Job work directory

A job has multiple choices for its work directory, i.e., the directory where it does its work:

  • Project area (/custer/projects/<projname>)

  • $USERWORK (/cluster/work/users/$USER)

  • $SCRATCH (/cluster/work/jobs/$SLURM_JOB_ID)

There are different pros and cons with each of the choices. See Storage Areas for details.

Currently, the recommended choice is to use the $USERWORK area. It provides a nice balance between auto-cleanup and simplicity. Thus the job script examples in this documentation will use $USERWORK.

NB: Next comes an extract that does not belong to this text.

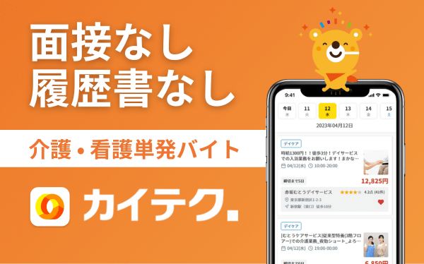 カイテクは、介護施設の求人が多いです。介護士さん向けの求人も多数出ています。日常生活援助のみの求人も多く、医療行為が苦手な方にもおすすめです。

We do not recommend running jobs in your home directory, mainly because the home directory quotas are small, so you risk your jobs failing due to not being able to write to disk. Also, the home directories are private, so you would have to move the files to your project area for others to be able to access them.

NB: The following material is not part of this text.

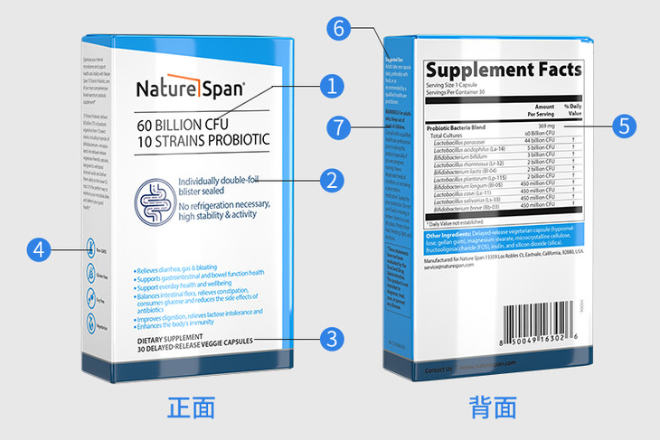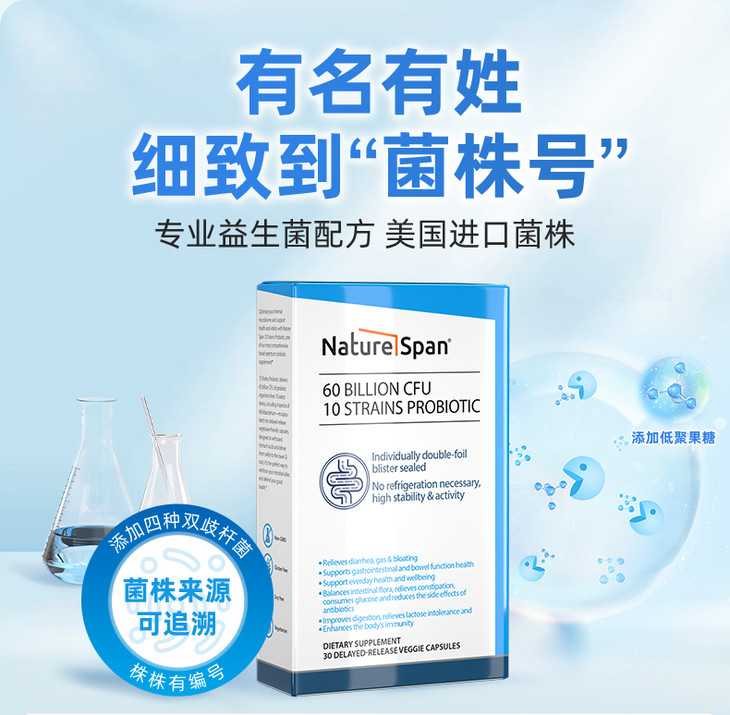 600亿活菌肠胃道10种超级复合益生菌 平衡菌群活性美国原装进口胶囊 NATURESPAN倍能适

When using $USERWORK, it is a good idea to make sure that each job runs in its own subdirectory. This reduces the risk of jobs interfering with each other. One easy way to do that is to use the following in the job script:

## Create and move to work dir
workdir=$USERWORK/$SLURM_JOB_ID
mkdir -p $workdir
cd $workdir

Please remember to copy result files that you want to keep from $USERWORK to your project area after the job has finished, because files in $USERWORK are removed after a number of days.

If you are going to use $SCRATCH, there are two commands that can be used in the job script to make sure result files are copied back even if the job crashes before it finishes. (They don’t give a 100% guarantee: if the compute node itself crashes before the job finishes, then the files will not be copied.)

## Make sure file1, file2, etc are copied back to
## $SLURM_SUBMIT_DIR at the end of the job:
savefile <file1> <file2> ...

## Register a command to be run at the end of the job to copy
## files somewhere
cleanup <somecommand>

Both commands should be used in the job script before starting the main computation. Also, if they contain any special characters like *, they should be quoted.